Phew! What a week! I’m back at work. And it feels strange (and lovely) to be back at work as a mum. Fortunately for me (and the little man) I’m only working a three-day week and the days aren’t too long. He’s also being minded by my mum which helps big time, especially when he’s only four and a half months old. I’ll be honest, it does feel far too early to be back but unfortunately the way my job works means that I couldn’t really go back any later if I wanted work to go back to. But I’m finished by 2.30pm every day which does make things a lot easier.
The mornings are different now. As I think I’ve mentioned before, I was always someone who would stay in bed as late as possible. If it was a choice between an ten extra minutes in bed or putting on some make up the bed would always win (to be honest I’ve never been great at putting on make up anyway, the first time I ever used blusher I looked like I’d been sunburnt!)! I have to bring quite a lot of resources with me to work, in the past I would always organize them at the last minute in the morning. How things have changed!

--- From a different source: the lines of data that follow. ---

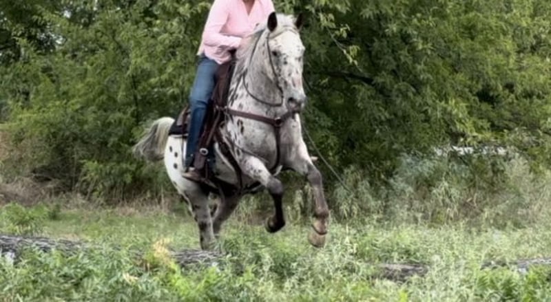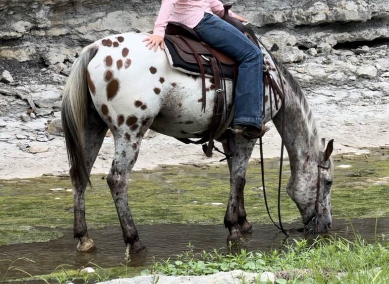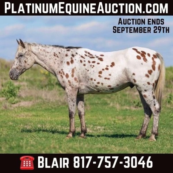 ONLINE AUCTION Place your bids at www.PlatinumEquineAuction.com Starting Bid $3500 Auction ends September 29th, 2024 Need a new saddle? Check out White Rock Saddles on our website or Facebook! “Santo” is a 14.1H, 14 yr old Appaloosa gelding. If you’re looking for the best of the best when it comes to color, safety, ease to handle/ride, personality and gentleness, they just simply don’t come better than Santo. He’s an absolute SAINT the whole family can enjoy. The very smallest babies up to the novice adults will be safe on this guy! He is extremely easy to ride, neck reins perfectly, switches gaits only when asked, stop when he’s told to and has absolutely ZERO buck, bolt, rear or spook. Santo has been with a family full of kids and has done all the things kids can think of on their trusty steed. He’s dabbled in the play day events, seen countless amounts of trails, roped some slow cattle, and even been jumped! He would be the perfect first horse or horse for a kid looking to go have fun with something experienced in practically everything! Santo would also be the perfect trail/pleasure horse for anyone needing a safe, predictable, COMFORTABLE, sure footed, sane mount. Leave him off a day or 6 months and he’s the same horse every time. He is so much fun to ride and will put a smile on anyone’s face that swings a leg over him! He has one of the best people pleasing personalities and is so SWEET!! He loads, leads, stands, and ties great. He’s traffic, car, crane, golf cart, city, Santo is UTD with teeth, feet and coggins and ready to go to his new family! You won’t want to miss this gorgeous gelding that is sure to keep anyone obsessed with going to the barn to ride! Go to his website page northtexashorsecompany.com/santo for more pictures and footage! Please call Blair with North Texas Horse Company for more info at 817-757-3046. We are located in Weatherford, TX and can help arrange affordable shipping to anyone!! ONLINE AUCTION Place your bids at www.PlatinumEquineAuction.com Starting Bid $3500 Auction ends September 29th, 2024 Need a new saddle? Check out White Rock Saddles on our website or Facebook!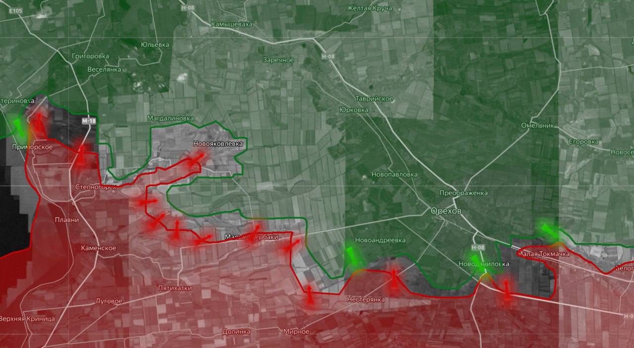 Активизировались бои на подступах к Орехову с рубежа Щербаки – Нестерянка.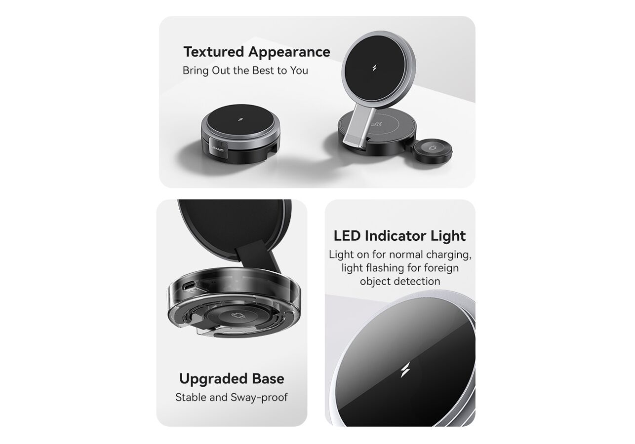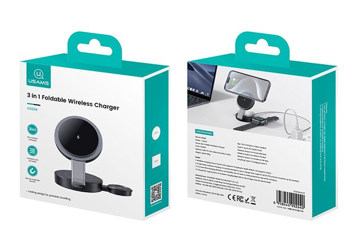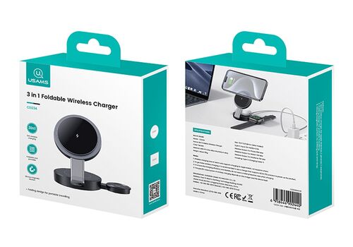USAMS ασύρματος φορτιστής CD234, 3 σε 1, 15W, μαύρος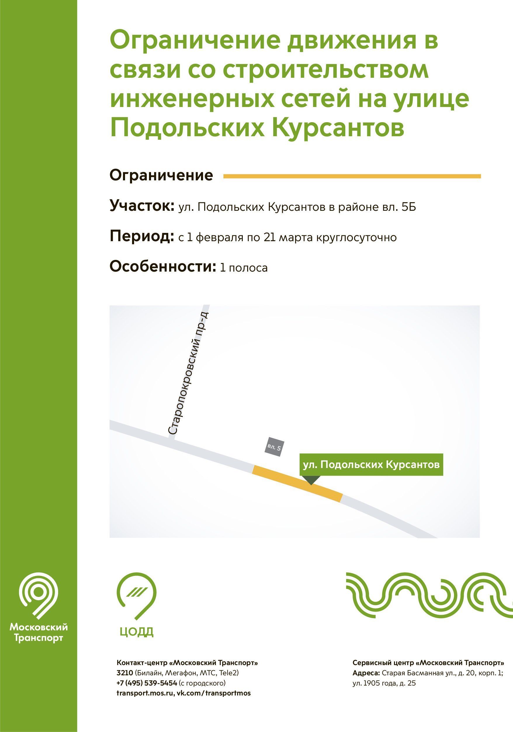 С 1 февраля по 21 марта в связи со строительством инженерных сетей будет круглосуточно ограничено движение транспорта по одной полосе на улице Подольских Курсантов в районе домовладения 5б.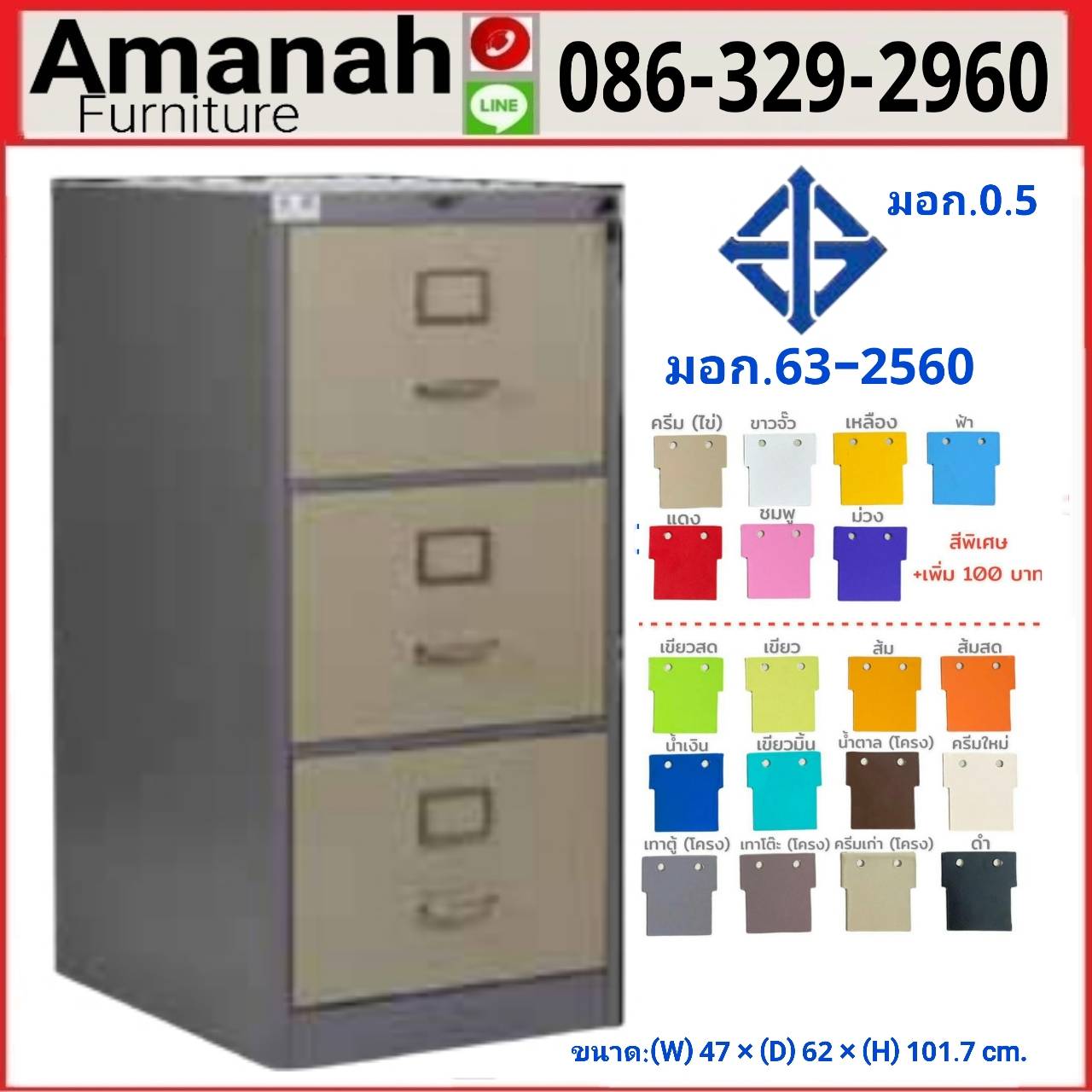ขนาด : กว้าง 47 x ลึก 62 x สูง 101.7 ซม.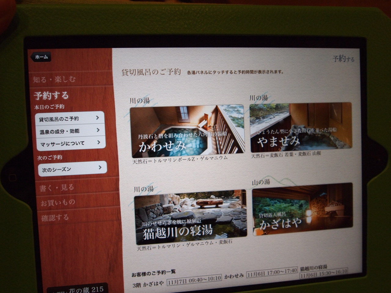 お部屋のipadで予約できます

I’m now up at least two hours before we have to leave. My bags are packed the night before. I’m choosing to put make up on to hide the tired new mum face! And where I would once let my job consume me (which to be honest isn’t healthy anyway, a job is a job) I now can’t. I do it to the best of my ability but then I have to leave it to one side when I’m finished as I have a far more important job at home.

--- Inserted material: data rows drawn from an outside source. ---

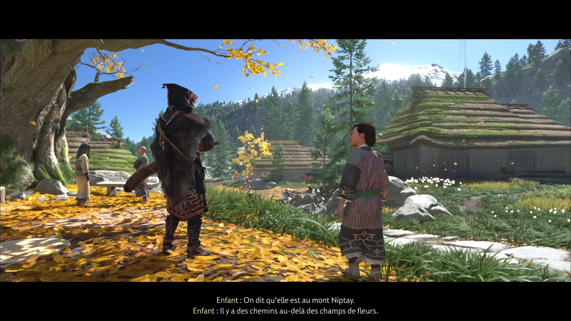 Un enfant viendra ensuite vous dire d’aller au Mont Niptay pour mener votre quête. Allez-y et grimpez la côte près d’un arbre aux feuilles blanches pour apercevoir un cerf. Interagissez avec puis faites « Observer » sur le tapis juste à côté.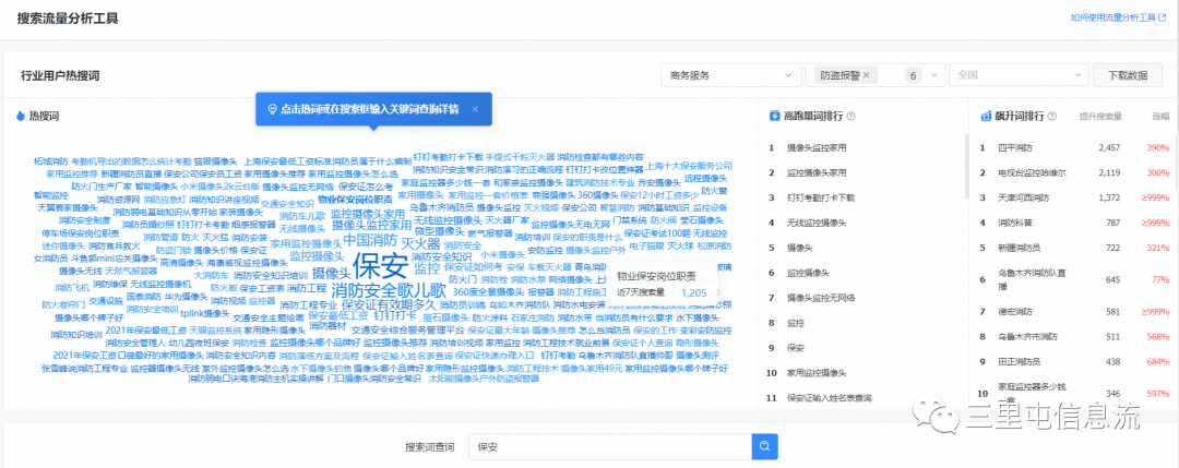 - 行业用户热搜词:查询客户所在的行业下,用户都在搜什么词,什么词跑量最高,什么词搜索量涨幅高;在选择的一级、二级行业下(也可根据需求选择国内地域),添加热搜词中字体较大的词、高跑量排行较高的词、飙升幅度较大的词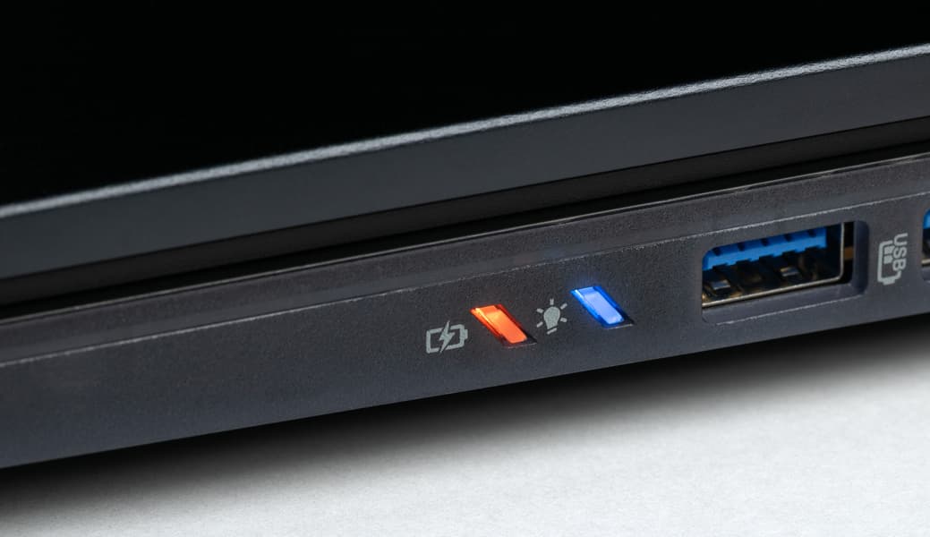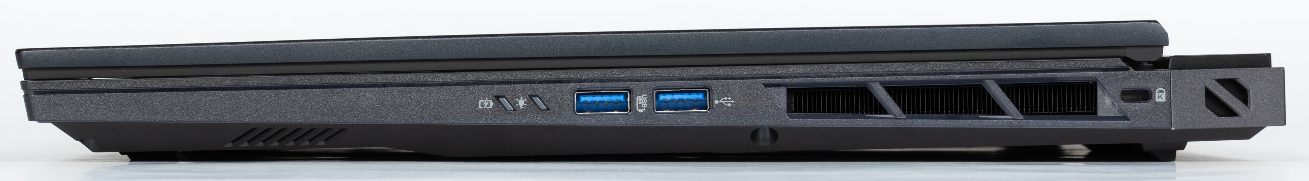 Справа — два индикатора (состояния батареи и включения ноутбука), два порта USB 3.2 Gen2 Type-A (один из них обеспечивает зарядку подключенных устройств при выключенном ноутбуке) и отверстие кенсингтонского замка.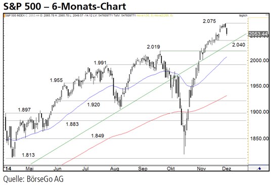 Ausblick: Von einer Korrekturphase zu sprechen, scheint nach den massiven Anstiegen der letzten Zeit verfrüht. Dennoch stand die letzte Woche im Zeichen einer Abschwächung der Aufwärtsdynamik, die sich weiter fortsetzen kann. Die Long- Szenarien: Verbleibt der S&P 500 jetzt unter der 2.065 Punkte- Marke, könnte dies der Startschuss für eine leichte Gegenbewegung bis 2.040 Punkte sein. An dieser Stelle sollte sich der Wert jedoch wieder erholen und dynamisch in Richtung des Rekordhochs ansteigen. Bricht der Index anschliessend über die 2.075 Punkte-Marke aus, käme es zu einer Kaufwelle an das rechnerische Kursziel bei 2.095 Punkten. Wird auch dieser Zielbereich überschritten, könnte der Wert mittelfristig bereits bis 2.120 Punkte klettern. Die Short-Szenarien: Ein Ausverkauf unter die 2.040 Punkte-Marke würde dagegen zu einer Korrektur an das frühere Allzeithoch bei 2.019 Punkten führen. Dieses Niveau sollten die Käufer jedoch wiederum zum Einstieg und zur Fortsetzung der übergeordneten Aufwärtsbewegung nutzen. Kann diese Unterstützung dagegen nicht verteidigt werden, stünde eine Ausweitung der Korrekturbewegung bis an die Haltemarke bei 1.991 Punkten auf der Agenda.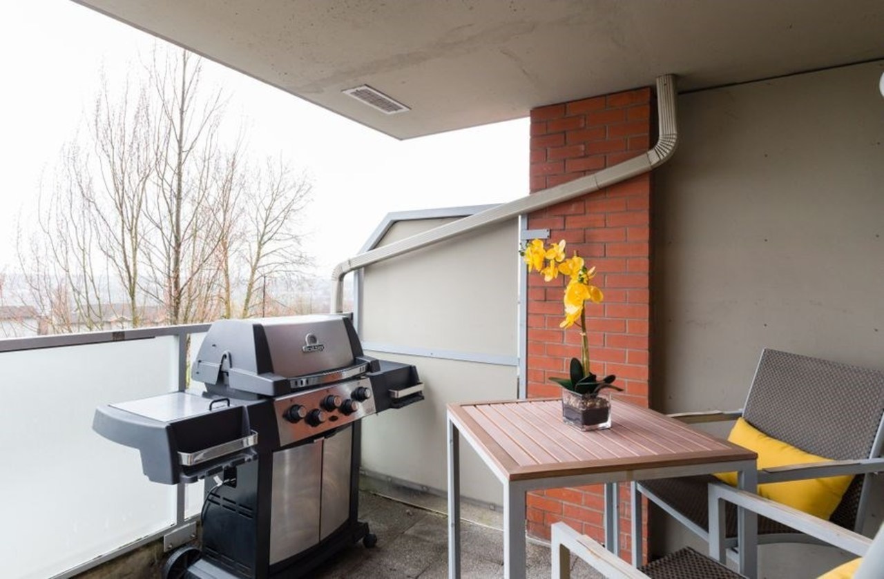 Location, location! Corner unit, 2 bed/2 full baths & den in the highly sought out CONCRETE BOUTIQUE MIDRISE-Mondeo! This SPACIOUS corner suite boasts a ton of natural light & very functional layout. The home features rich wood cabinetry, engineered hardwood floors, granite countertops, gas stove range & a LARGE KITCHEN w/plenty of cupboard space. Enjoy morning coffees or evening BBQ on the 95 sq ft patio deck. Convenient central location, close to Brentwood & Metrotown Mall, 15 mins to Downtown, walking distance to local restaurants, delis, cafes, parks & transit. 1 parking & 1 storage locker included. Pets & rentals are welcome! SEE VIRTUAL TOUR!

A big part of me would have loved to have been a stay-at-home mum, at least for the first year, but we simply can’t afford it. I think it’s so sad that what used to be the norm years ago is now a luxury. I’m all for equal rights and think it’s great that we, as women, have come so far (with further to go), but I also think it’s sad that, very few women have the choice to be a full-time mum if they want to be. Naturally there are also mums who are quite happy to get back to work and that’s fine too, we’re all different and know what is going to work best for our families, it’s just a shame that the choice has been taken away from so many.
Now people keep telling me that going back to work will be good for my head, and maybe it is. I have one of those jobs that, when I’m there, makes it very hard to think of anything else. And my little man has been with me pretty much 24/7 since he was born, obviously not unusual, but maybe it’s good for him to have some space from me too. Of course I keep telling myself these things to convince myself that the decision I had no choice to make is a good one!
But, however I feel, it’s the decision I have to go with for now and one that I have to be positive about and make the most of. It also means that I really appreciate all my time with my little man and, oh my goodness, those smiles when I get home at the end of the day make it all worth it!